Given data:
#####

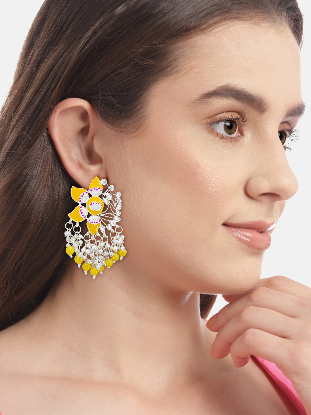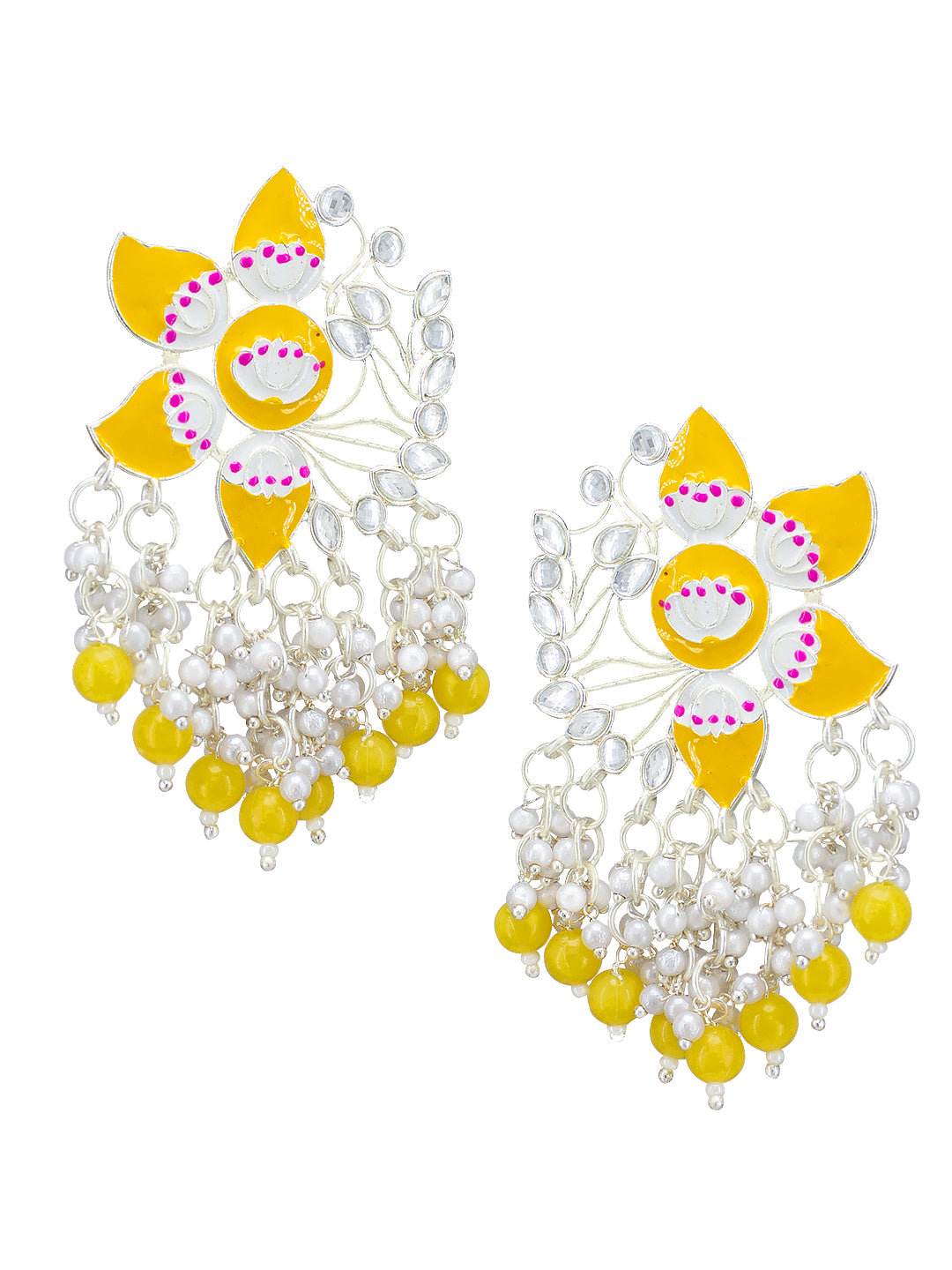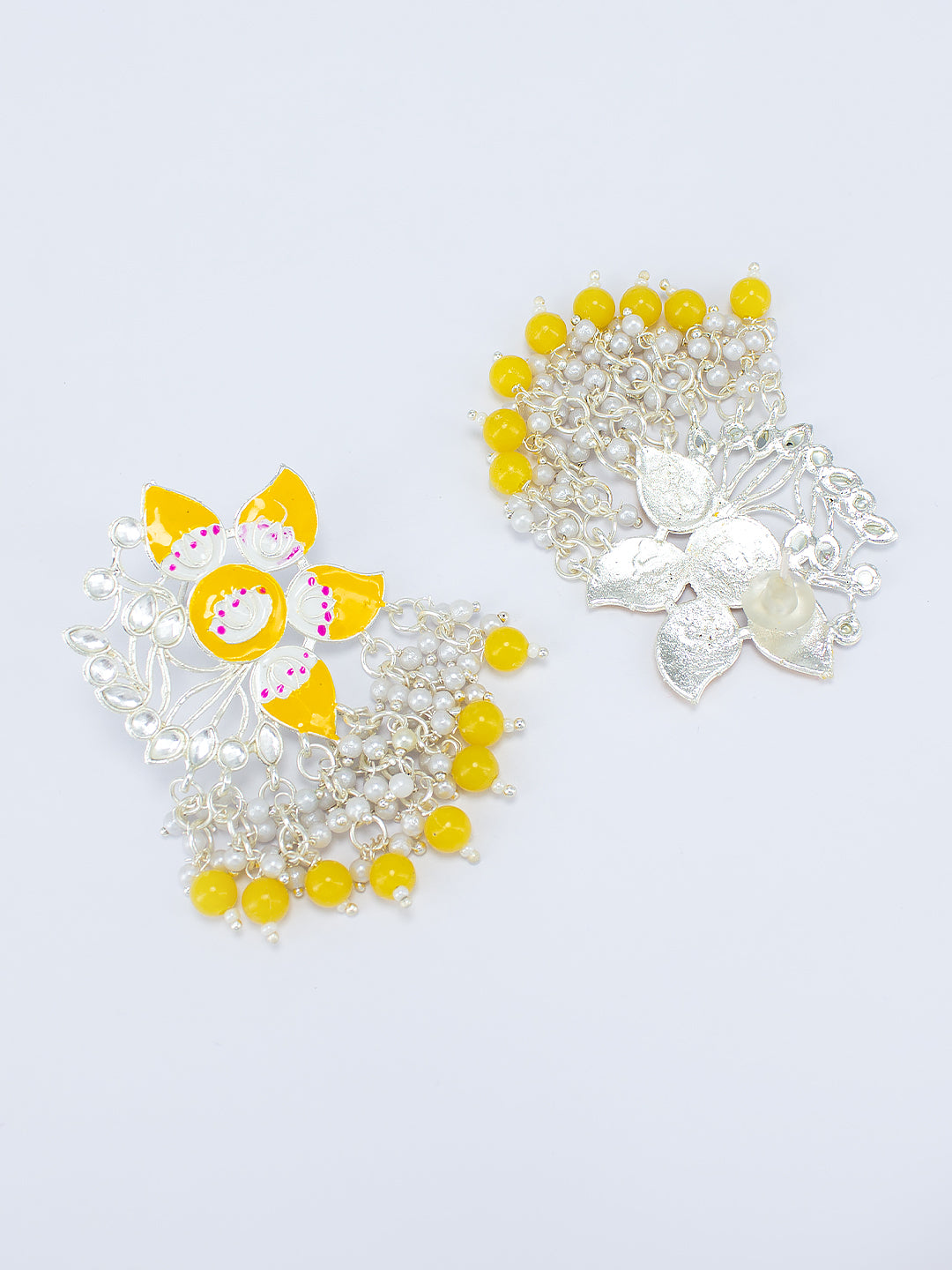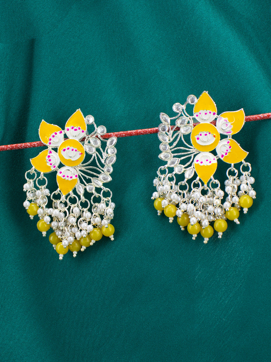 Yellow floral chandbalis, silver-plated, has artificial beads
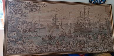 Grande arazzo decorativo in stile classico, raffigurante una vivace scena portuale veneziana del XVIII secolo. L’opera mostra navi a vela ormeggiate, figure in abiti d’epoca, e un paesaggio urbano sullo sfondo, ricco di dettagli architettonici e naturalistici. I colori tenui e il tratto raffinato rendono questo arazzo un pezzo di grande fascino storico ed estetico.
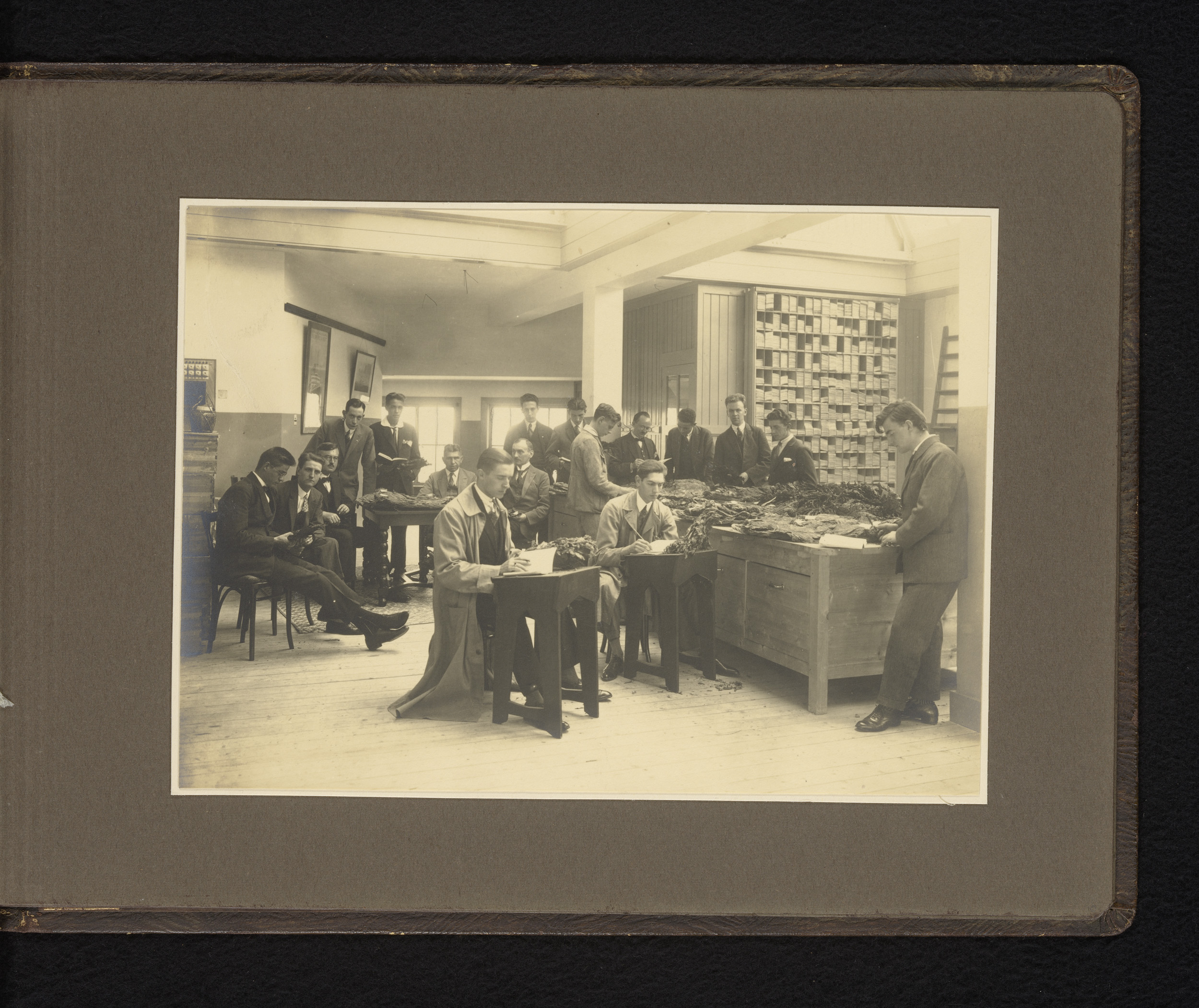Groep mannen controleert tabak in een pakhuis, vermo...
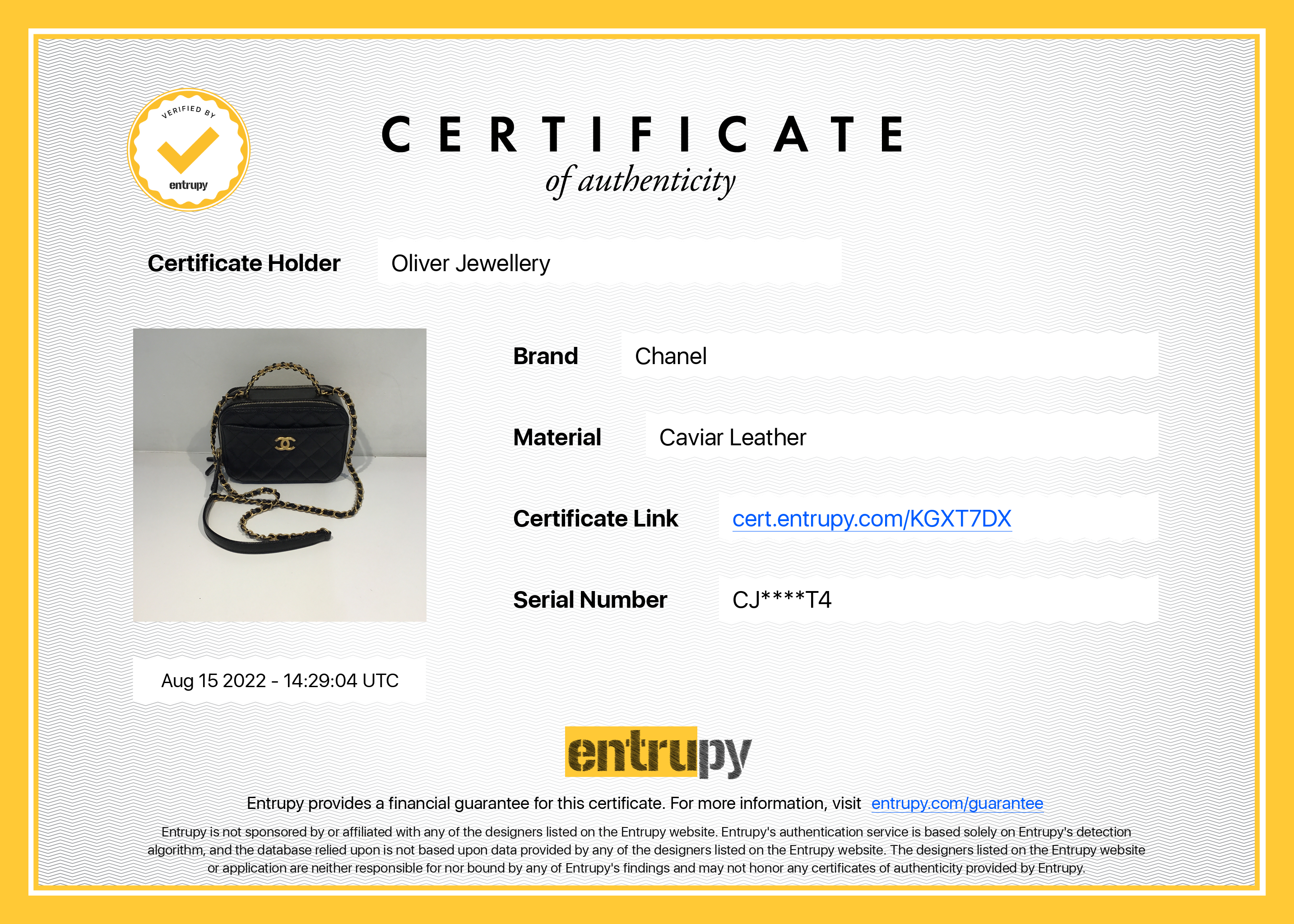Included Items: Original Chanel Box, Dust Bag, Receipt and Entrupy Certificate of Authenticity #: KGXT7DX

#####

Your instructions: Exactly as they appear, print the lines of the listing above from its first line through the line that contains "Groep mannen controleert", minus the pictures.

Solution to this exercise:
 Yellow floral chandbalis, silver-plated, has artificial beads
 Grande arazzo decorativo in stile classico, raffigurante una vivace scena portuale veneziana del XVIII secolo. L’opera mostra navi a vela ormeggiate, figure in abiti d’epoca, e un paesaggio urbano sullo sfondo, ricco di dettagli architettonici e naturalistici. I colori tenui e il tratto raffinato rendono questo arazzo un pezzo di grande fascino storico ed estetico.
Groep mannen controleert tabak in een pakhuis, vermo...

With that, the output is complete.